Tagdriftwood

Housekeeping

We seem to have survived the move. Everything is functioning, at least it seems that way. I may have missed a setting or two, but nothing apocalyptic. It’s kind of pretty, isn’t it? New design, everything a little shiny, no fingerprints yet, and an actual picture of driftwood. What more could you ask for from a new blog home?

Everything is in flux at the moment. The first job change for my husband in his professional career, happening in one week. New cat (and yes, she’s doing very well, thank you, though very different from either Cinnamon or Ripley, who I think still prowl the hall and wonder what on Earth we were thinking when we invited Coco in). New car, which doesn’t seem like it should be a big deal, unless you know two important facts. First, I am a compulsive researcher of things, and the car we bought is not what I expected to buy. Second, as a child I once hid my red winter coat in the basement of our apartment rather than let it go, despite the fact that it no longer fit me. Let’s just say that I have a tendency to cling and leave it at that.
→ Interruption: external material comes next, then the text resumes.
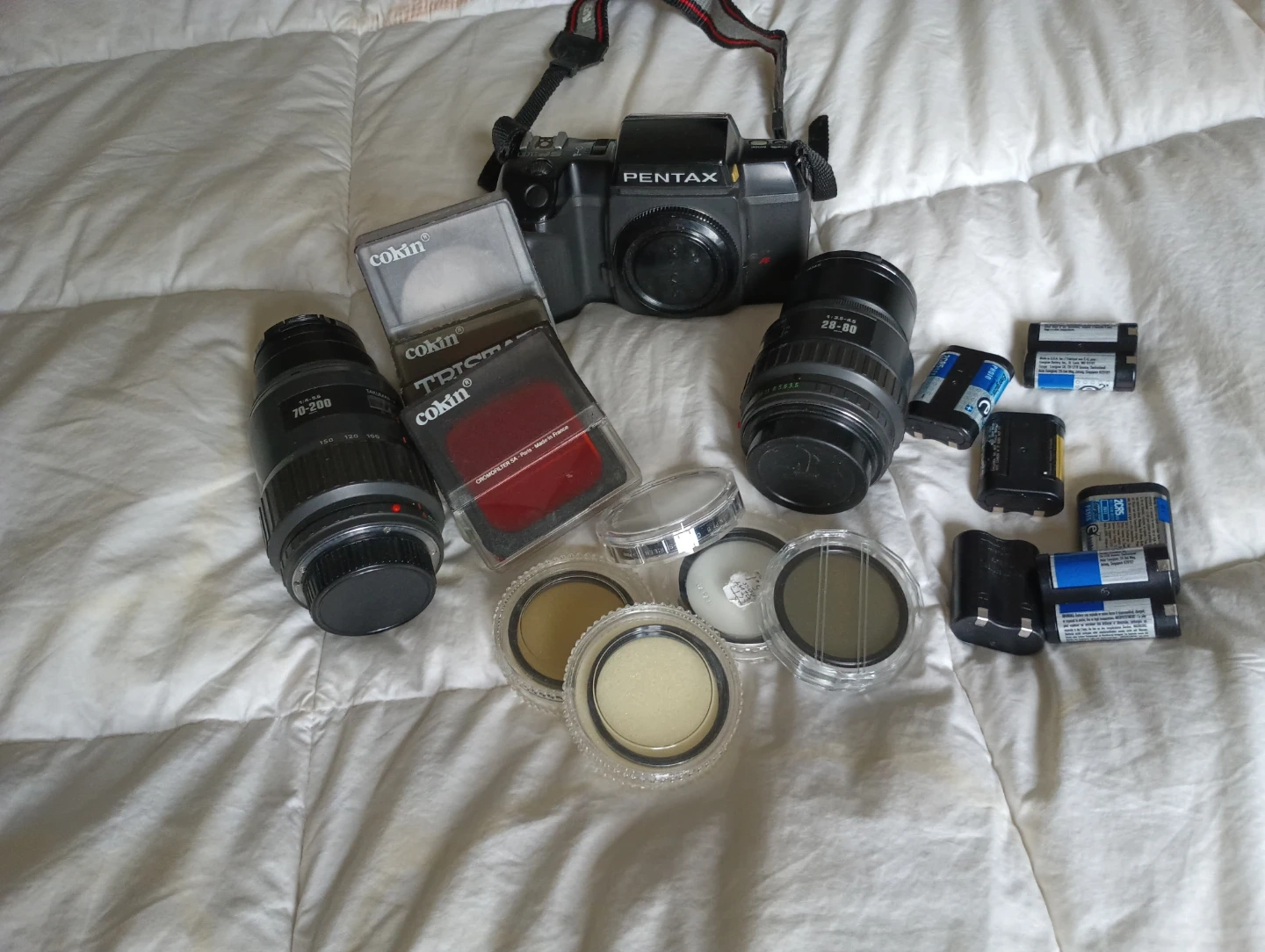 This Pentax camera comes with two lenses: a 70-200mm and a 28-80mm. It includes several Cokin filters and multiple batteries. This kit is perfect for photographers looking for versatile shooting options. Also includes some filters batteries are used for single photo shoots pick up and cash only

Anyway, change is in the air. Also, colds, which is why I’m sitting here with a drippy nose and sleepy eyes. Stress and illness do love one another, don’t they? Like ivy and bricks, or peppermint and honey.
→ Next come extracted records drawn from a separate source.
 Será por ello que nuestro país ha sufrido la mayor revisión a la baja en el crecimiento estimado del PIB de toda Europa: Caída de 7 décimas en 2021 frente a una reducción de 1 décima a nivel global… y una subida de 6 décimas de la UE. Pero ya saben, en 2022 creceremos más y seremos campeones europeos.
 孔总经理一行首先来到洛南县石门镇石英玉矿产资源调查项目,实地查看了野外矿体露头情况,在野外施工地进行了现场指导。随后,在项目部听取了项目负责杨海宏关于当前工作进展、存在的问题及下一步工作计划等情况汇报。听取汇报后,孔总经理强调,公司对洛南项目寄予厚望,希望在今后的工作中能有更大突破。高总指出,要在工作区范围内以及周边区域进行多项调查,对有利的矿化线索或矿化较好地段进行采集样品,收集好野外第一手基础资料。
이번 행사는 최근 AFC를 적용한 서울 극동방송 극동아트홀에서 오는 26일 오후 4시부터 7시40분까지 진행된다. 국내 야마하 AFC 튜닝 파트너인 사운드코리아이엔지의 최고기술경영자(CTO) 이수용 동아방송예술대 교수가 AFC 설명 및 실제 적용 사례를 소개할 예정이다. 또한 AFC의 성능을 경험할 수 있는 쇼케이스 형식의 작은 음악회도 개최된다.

Did I mention that Coco has giant feet? She’s polydactyl, in a big way. I was told by the vet that there is a story that sailors loved to take polydactyl cats along because they believed them to be good luck. According to Wikipedia, this is true, which is about all the research I can handle today. It does feel as though we’ve taken a turn in a good direction lately. Whether it’s Coco’s doing or just the usual tide change of life, it’s much appreciated.

There’s not much else to tell from here. Only the oaks are still holding on to their leaves. Everything else has gone bone-bare, aside from the pines, of course. It’s time to den up a bit, start knitting, start baking, start watching the sky for first snow. Time for a good book or two.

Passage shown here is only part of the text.